Konntest Du Dir auch andere Sportarten anschauen?

Ja, aber weniger, als ich mir vorgenommen hatte. Ich habe mir die Halbfinalspiele Deutschland-Brasilien (Frauen) und Brasilien-Niederlande (Männer) im Beachvolleyball angeschaut und war überwältigt von der Stimmung, die dort geherrscht hat. Aber gleichzeitig auch von der Unsportlichkeit der Brasilianischen Fans, die gegnerische Teams fast noch lauter ausbuhen als sie das eigene anfeuern. Ich hätte mir auch gerne noch die Finals angeschaut, bei der Leichtathletik im Maracana Stadion vorbeigeschaut und mich zu einem Handballspiel gesetzt. Allerdings hat für letzteres wohl jemand, der nicht zu uns gehörte, unsere reservierten Karten abgeholt und wir standen ohne Tickets da. Die anderen Wettkämpfe waren sehr spät, sodass ich niemanden mehr gefunden habe, der mitgehen wollte und jeweils eine Stunde hin und wieder zurück. Alleine im Stadion zu sitzen wollte ich mir dann doch nicht antun.

Hat es sich gelohnt, das Studium zu unterbrechen?

Ja. Ich hoffe, ich kann in Tokio noch einmal an den Start gehen. Aber man kann ja nie wissen, ob man nochmal die Chance bekommt, an Olympischen Spielen teilzunehmen. Abgesehen von den Mängeln bei den Unterbringungen und der Transferorganisation war es ein toller Wettkampf mit vielen Eindrücken, seien sie nun positiv oder negativ, die mir sicherlich noch lange im Gedächtnis bleiben werden. Mit meinem Abschneiden bin ich auch zufrieden, auch wenn ich weiß, dass auch eine Medaille greifbar gewesen wäre. So wie sich die Arbeitswelt im Moment entwickelt, wird meine Generation bis wir 80 sind, arbeiten. Es interessiert mich nicht mehr, ob ich mein Studium mit 23 oder mit 24 Jahren beendet habe und in den Beruf eingestiegen bin, wenn meine Enkel dafür ihren Klassenkammeraden erzählen können, dass ihr Opa mal an den Olympischen Spielen teilgenommen hat und im Finale war.

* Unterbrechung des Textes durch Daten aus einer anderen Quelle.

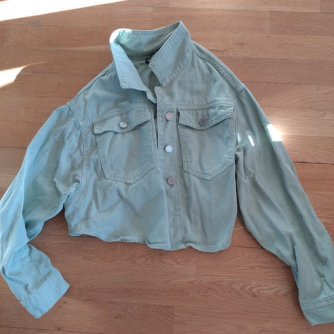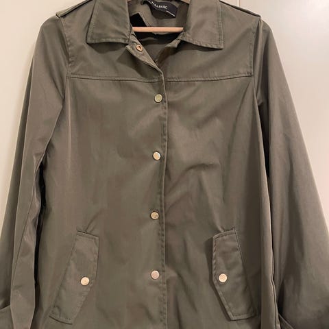 Zara Annet yttertøy i størrelse S for kvinner. Jakken er grønn og laget av bomull. Den har dekorative fjærdetaljer nederst og flere lommer foran. Jakken har broderi på ryggen og knappelukking foran.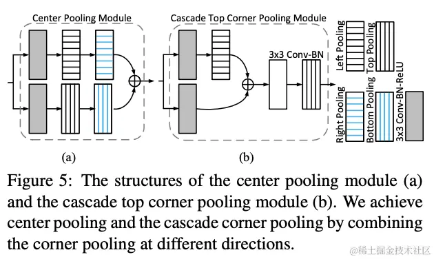 Center pooling和cascade corner polling可通过组合不同方向的corner pooling进行简单实现,如图5所示。需要注意,图5b为cascade top corner pooling模块,只输出左上角点在top方向值,还要加上cascade left corner pooling输出的left方向值。cascade left corner pooling的结构跟图5b类似,只是交换Top pooling和Left pooling的位置。

Was gefällt Dir am Sportschießen?

Beim Schießen sind komplett andere Voraussetzungen wichtig als bei anderen Sportarten. Hier kommt es nicht auf bloße Kraft oder Schnelligkeit an, sondern auf Technik. Die ist zwar in vielen anderen Sportarten auch wichtig, bei uns gibt es aber keine großen Vor- oder Nachteile durch Faktoren, die man schlichtweg nicht ändern kann wie z.B. die Körpergröße, es zählen einzig und allein die Technik, Konzentration, der Umgang mit Nervosität und die Erfahrung, wie man auf Umwelteinflüsse wie z.B. Wind reagiert. Damit hat jeder die gleichen Voraussetzungen.

Würdest Du nochmal nach Brasilien/Rio reisen?

Rio ist in meinen Augen keine schöne Stadt. Es herrscht überall Armut, der Verkehr ist das reinste Chaos. Die Sehenswürdigkeiten haben ihren Namen zwar verdient und sind wirklich sehenswert. Aber da ich sie nun gesehen habe, zieht mich‘s nicht nochmal nach Rio. Die Kombination aus Bergen, Meer und Urwald macht die Landschaft dort zwar wunderschön, Rio lässt sich aber meines Erachtens nach in diesem Gesamtbild mit einem Pickel in einem schönen Gesicht vergleichen. Es gibt viele schöne Orte auf der Welt, die ich mir gerne noch ansehen würde. Dass auf der Liste noch Platz für einen zweiten Besuch in Rio ist, glaube ich im Moment eher nicht. Brasilien im Allgemeinen schließe ich aber mal noch nicht aus, da es wie gesagt eine tolle Landschaft besitzt und ja nicht überall von Metropolen verunstaltet wird.

André, wir danken Dir für dieses Gespräch und wünschen Dir alles Gute für Deine weitere Laufbahn.